The Questionnaire Explored

1. Stage of digital health adoption (from exploration to full integration)
2. Priority technology areas (AI/machine learning [ML], analytics, DTx, mobile apps, telemedicine, wearables, patient engagement platforms, and electronic health record [her] integration)
3. Organizational objectives (adherence, outcomes, cost reduction, competitive advantage, personalization, compliance)
4. Governance and workforce preparation (existence of dedicated teams and training)
5. Implementation status of digital initiatives
6. Expectations regarding emerging technologies
7. Perceived barriers and their relative severity
8. Patterns of collaboration and partnerships

Responses were analyzed descriptively and expressed as percentages or mean severity scores (scale 1–5).

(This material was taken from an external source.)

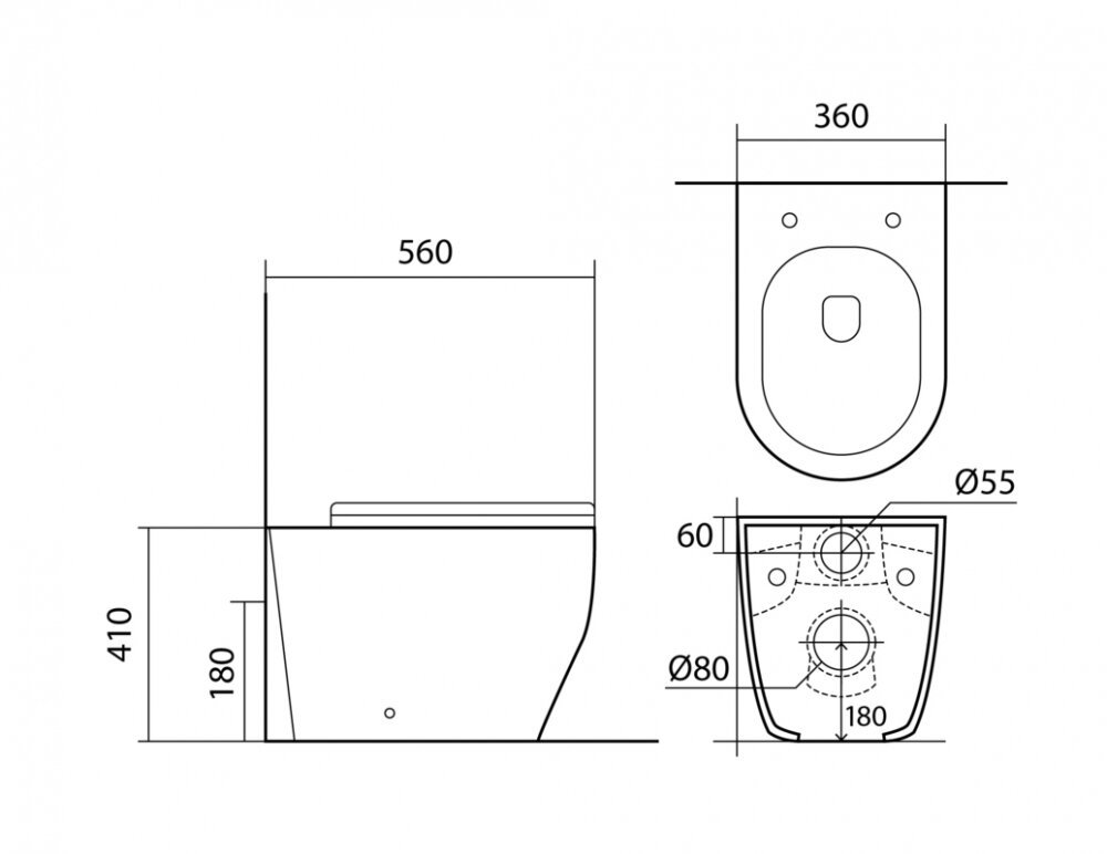 - Чаша унитаза безободковая.
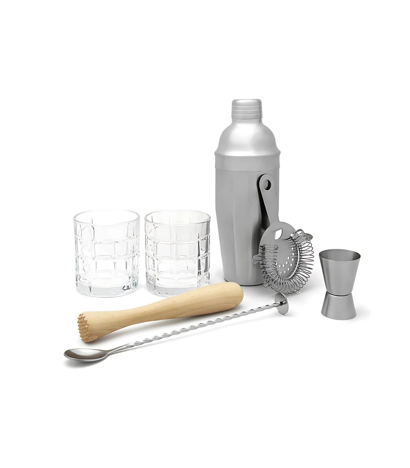 Als je thuis cocktails wilt maken is een goede basisset onmisbaar. Deze 7–delige cocktailset biedt alle tools om thuis lekkere drankjes te maken: een shaker, een barzeef, twee glazen, een muddler, een lepel en een barmaatje. Tijd voor een feetsje!

For analytical purposes, it is important to distinguish between technology enablers and application domains within digital health. In this study, AI and ML were captured as priority areas by respondents. However, AI/ML should be interpreted as a transversal enabling capability rather than a standalone application category. In contrast, items such as patient engagement platforms, telemedicine, EHR integration, and DTx represent functional use cases implemented in real-world clinical, commercial, or operational workflows.

This distinction is relevant for interpreting survey responses, as high prioritization of AI/ML might reflect underlying investments in data-driven capabilities that support multiple application domains, rather than discrete deployment of AI as an independent solution.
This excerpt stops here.